Franière – la boucherie Chabottier-Meunier

 

Mon grand-père, Fernand Chabottier, tenait avec ma grand-mère Marcelle Meunier une boucherie-charcuterie.

Marcelle et Fernand

La boucherie vivait de son entourage immédiat, du quartier Saint-Pierre, elle restait ouverte de 07h00 à 22 ou 23h00. Le soir, les clients y entraient dans l’obscurité.

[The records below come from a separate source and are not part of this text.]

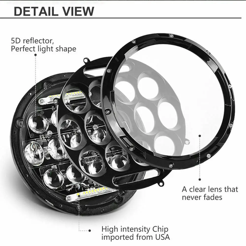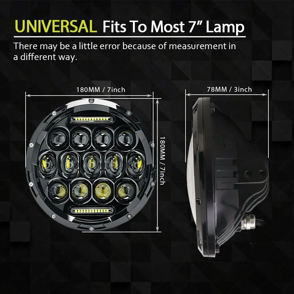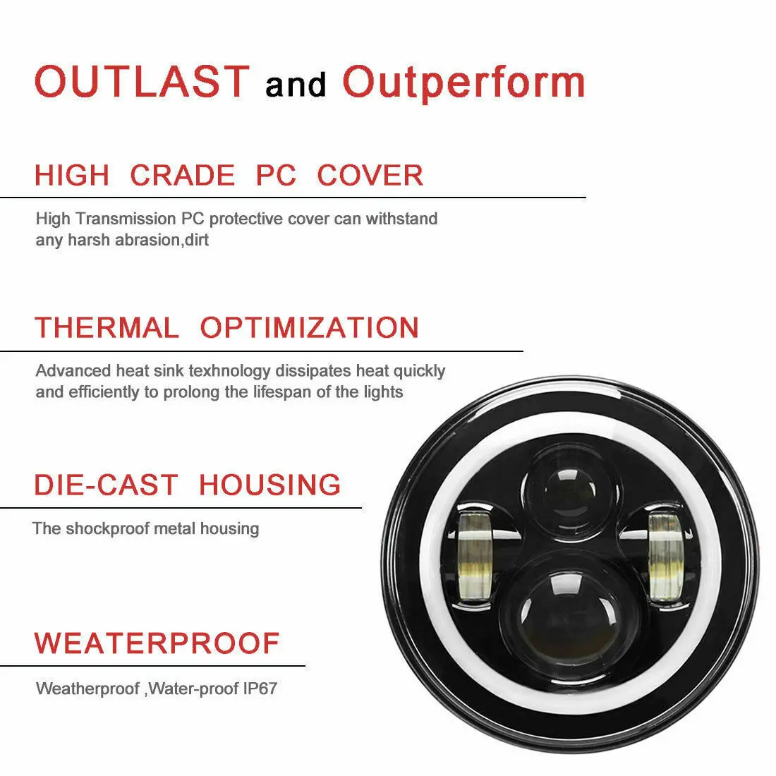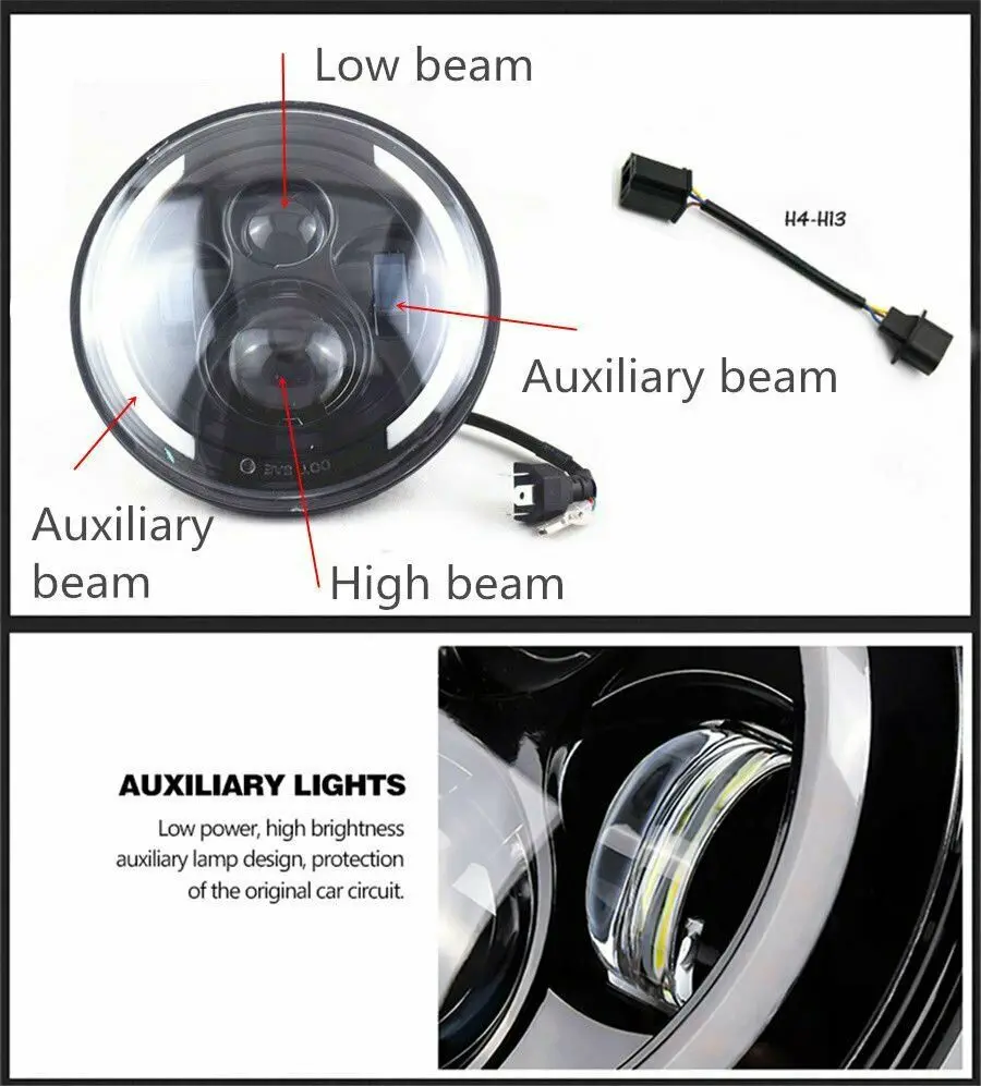 Применение: Для Jeep Cj-5 1955-1983 Для Jeep Cj-7 1976-1986 Для Jeep CJ-8 1981-1985 Для Jeep Wrangler (TJ) 1997-2006 Для Jeep Wrangler (JK) 2007-2014 Для HummerH1 1992-2006 Для HummerH2 2003-2009 Для мотоцикла Harley Davidson Для Mercesdes Benz G Для Land Rover defender Для грузовика, внедорожника 4x4 Характеристики: Цвет корпуса: черный Напряжение: DC12V-30V Цветовая температура: 6000 К Мощность СВЕТОДИОДНЫЙ да: 60 Вт Луч: дальний-Ближний свет + ДХО Срок службы: более 50000 часов Цвет ангельских глаз: янтарный или белый, вы можете изменить его самостоятельно. Материал: литой корпус из алюминиевого сплава, прозрачные линзы из ПК с твердым покрытием Размеры: (7 дюймов) 7,01 "x 7,01" x 3,07 "(178 мм x 178 мм x 78 мм) Особенности: 7-дюймосветодиодный ные фары многофункциональны-ореол может быть белым или янтарным. Янтарь для сигнала поворота, белый-Для DRL. Более быстрый отклик при включении/выключении, поразительный предупреждающий эффект для повышения безопасности вождения. Погодостойкость, низкое энергопотребление, длительный срок службы. Простая установка-подключи и работай. Посылка 1 х светодиодные фары 1 x разъем H4-H13 (Инструкция по установке не входит в комплект)
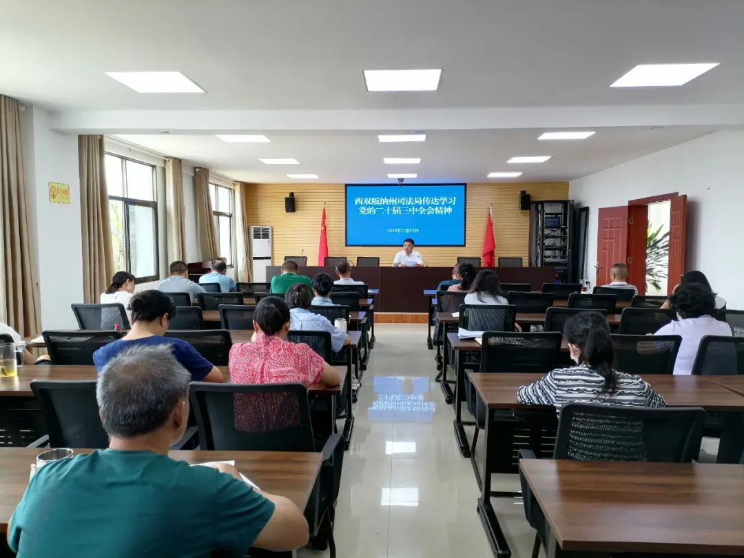 7月22日,西双版纳州司法局召开全体干部职工大会,传达学习习近平总书记在党的二十届三中全会上的重要讲话精神,传达学习《中共中央关于进一步全面深化改革、推进中国式现代化的决定》及全会公报精神。
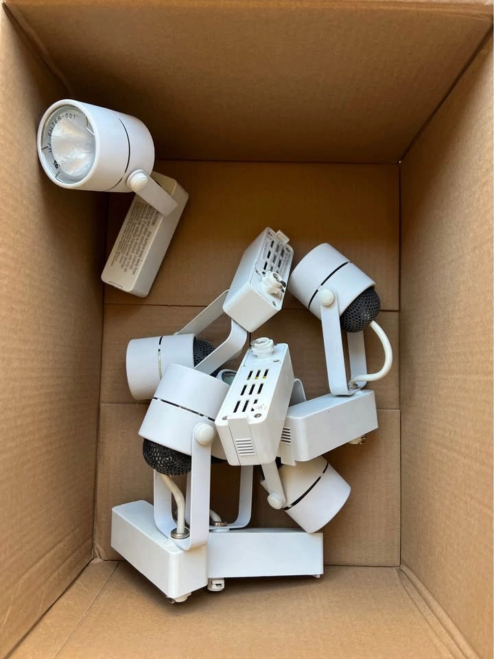 Track lighting no longer needed, total of 6 track heads with bulbs, all included.
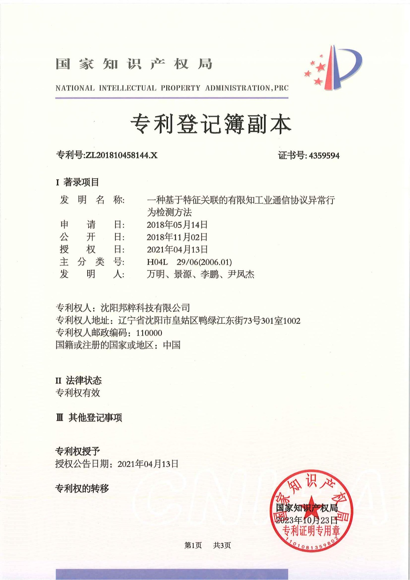 一種基于特征關(guān)聯(lián)的有限知工業(yè)通信協(xié)議異常行為檢測(cè)方法專(zhuān)利證書(shū)

La sonnette retentissait et mon grand-père s’empressait d’allumer la lumière de la boucherie et de servir son client à toute heure. C’était cela le commerce de proximité de l’époque. La seule chose qui le faisait râler, c’est quand un client venait vers 20h00 commander un kilo de viande hachée, alors que la machine avait été nettoyée deux heures auparavant. Rares aussi les Franièrois qui possédaient le téléphone. Mon grand-père l’avait pour des raisons commerciales, mais il arrivait souvent qu’il reçoive des communications de personnes demandant à parler à tel ou tel voisin. Mon grand-père ou ma grand-mère arrêtait la besogne pour aller quérir la personne demandée pendant que le cornet pendait dans le vide en attendant. Les clients venaient aussi souvent demander l’autorisation de donner un coup de fil et un mince dédommagement leur était requis. On faisait alors vraiment plaisir au client.

Mon grand-père Fernand vendait de la viande de qualité. Il servait les fermes environnantes et ne manquait pas de surveiller l’évolution de leurs porcs et d’en faire l’acquisition. Il en prenait livraison très tôt (5 h00 environ) le lundi matin dans une remorque bâchée qu’il avait aménagée lui-même, les marquait de ses initiales et les conduisait à l’abattoir de Namur qui se chargeait de « l’exécution ». Sur place, il donnait un bon coup de tuyau d’arrosage pour nettoyer la remorque et revenait avec les porcs coupés en deux dans le même véhicule, avec sang dans une cruche et tripes dans un grand récipient. L’AFSCA ne rôdait pas encore pour ennuyer les bouchers dont l’atelier présentait un carrelage légèrement fendu !

 

La viande de bœuf était achetée à un chevillard de Namur, en demi ou en quart. A l’époque, le porc avait davantage les faveurs des consommateurs pour des raisons économiques, je suppose.

Mais avant tout, il était un excellent charcutier, réputé pour son pâté de foie et ses boudins noir et blanc bien secs que l’on dégustait bien souvent sans pain d’accompagnement. De nombreux voyageurs s’arrêtaient tous les jours pour en accommoder leur repas d’autant plus que mon grand-père avait une règle de conduite stricte et refusait de faire évoluer ses prix de vente. Il vendait son boudin 50 anciens francs belges le kilo alors que les autres bouchers en étaient déjà à 150 ou 200 francs. Mais il ne suivait pas à reconstituer son stock. Chaque mardi, c’était le branle-bas de combat dans l’arrière-cuisine transformée en atelier. Mon grand-père et ma grand-mère préparaient tripes, pâté de foie, tête pressée, boudins noir et blanc, cervelas, fondaient la graisse et le saindoux du matin au soir. Tout était fait maison. Pour la famille uniquement parce que le produit était invendable à cause de son prix de revient, il préparait chaque année à la Noël, « sa » spécialité : des tripes au chou frisé, un mélange de viande hachée et de chou fourré dans des gros boyaux dont l’intérieur était garni d’une bonne couche de graisse qu’il appelait « les craux boyas » (écriture phonétique) (« gras boyaux »). Avant de servir ce mets « royal », il le réchauffait dans un bouillon de légumes. ! Mais amoureux de la diététique, s’abstenir ! 

Alain DENIS pour Bibliotheca Floreffia – juillet 2017.